> What you will do
Give back an exact copy of the listing that follows, without the pictures.

> Provided material
*** Block opens ***

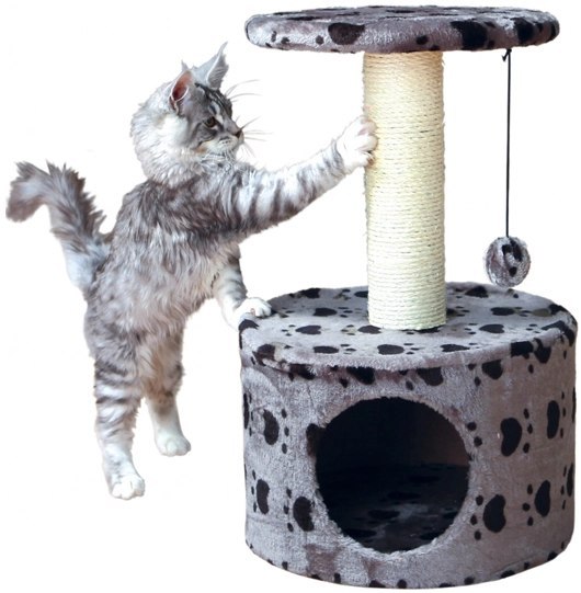 Wielofunkcyjny drapak dla kota. Zapewnia miejsce do schowania, do spania, do zabawy, do drapania. Posiada pluszowe obicie. Legowisko wyłożone pluszem. Słupek owinięty naturalnym sizalem. Posiada zabawkę na sznurku. Drapak Toledo szary w łapki to doskonała zabawka i legowisko w jednym urządzeniu. Sam dół zabawki Toledo służy do odpoczywania, chowania się, środek to powierzchnia do drapania. Drapanie pozwala im rozładować emocję, znaczyć terytorium oraz ścierać pazurki. Kolejny poziom drapaka stojącego to zabawka na sznurku - piłeczka futrzana, którą kot może się samodzielnie bawić poprzez wprawianie w ruch zabawki zapewnia sobie odpowiednią rozrywkę typową dla jego gatunku - myśliwego.
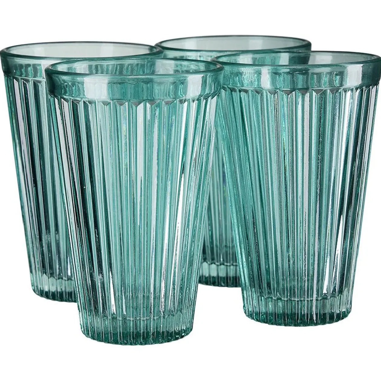 Lot de 4 verres au design strié bleu transparent d’une contenance de 30 cl.
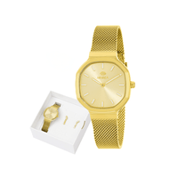 O Relógio Véra é uma peça de elegância feminina, concebida em aço inoxidável dourado. O seu design destaca-se pela caixa octogonal com aro dourado, que enquadra um mostrador com ponteiros e marcadores luminescentes, garantindo uma leitura nítida mesmo em ambientes de pouca luz. O movimento quartzo analógico assegura precisão e fiabilidade, protegido por vidro mineral resistente.
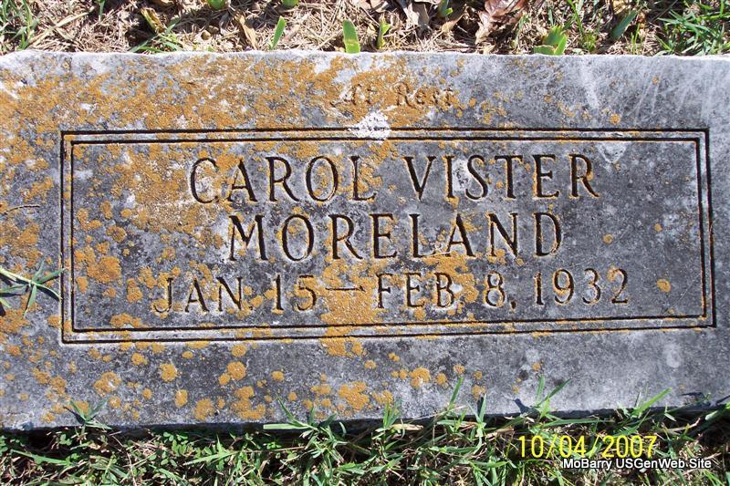 Research Note: His death certificate reads that his father was named Henry Moreland, born in AR and his mother was Pauline Carney, born Barry Co., MO. Mother had typhoid fever when pregnant and so the child was under developed. Henry Moreland gave the information. Robert posted this one as Vester, the death certificate listed him as Carrol Vester and the stone reads Carol Vister. | Death Certificate Donna Cooper Headstone Robert Moreland Photo Diana Cope |

*** Block closes ***

> Task solution
 Wielofunkcyjny drapak dla kota. Zapewnia miejsce do schowania, do spania, do zabawy, do drapania. Posiada pluszowe obicie. Legowisko wyłożone pluszem. Słupek owinięty naturalnym sizalem. Posiada zabawkę na sznurku. Drapak Toledo szary w łapki to doskonała zabawka i legowisko w jednym urządzeniu. Sam dół zabawki Toledo służy do odpoczywania, chowania się, środek to powierzchnia do drapania. Drapanie pozwala im rozładować emocję, znaczyć terytorium oraz ścierać pazurki. Kolejny poziom drapaka stojącego to zabawka na sznurku - piłeczka futrzana, którą kot może się samodzielnie bawić poprzez wprawianie w ruch zabawki zapewnia sobie odpowiednią rozrywkę typową dla jego gatunku - myśliwego.
 Lot de 4 verres au design strié bleu transparent d’une contenance de 30 cl.
 O Relógio Véra é uma peça de elegância feminina, concebida em aço inoxidável dourado. O seu design destaca-se pela caixa octogonal com aro dourado, que enquadra um mostrador com ponteiros e marcadores luminescentes, garantindo uma leitura nítida mesmo em ambientes de pouca luz. O movimento quartzo analógico assegura precisão e fiabilidade, protegido por vidro mineral resistente.
 Research Note: His death certificate reads that his father was named Henry Moreland, born in AR and his mother was Pauline Carney, born Barry Co., MO. Mother had typhoid fever when pregnant and so the child was under developed. Henry Moreland gave the information. Robert posted this one as Vester, the death certificate listed him as Carrol Vester and the stone reads Carol Vister. | Death Certificate Donna Cooper Headstone Robert Moreland Photo Diana Cope |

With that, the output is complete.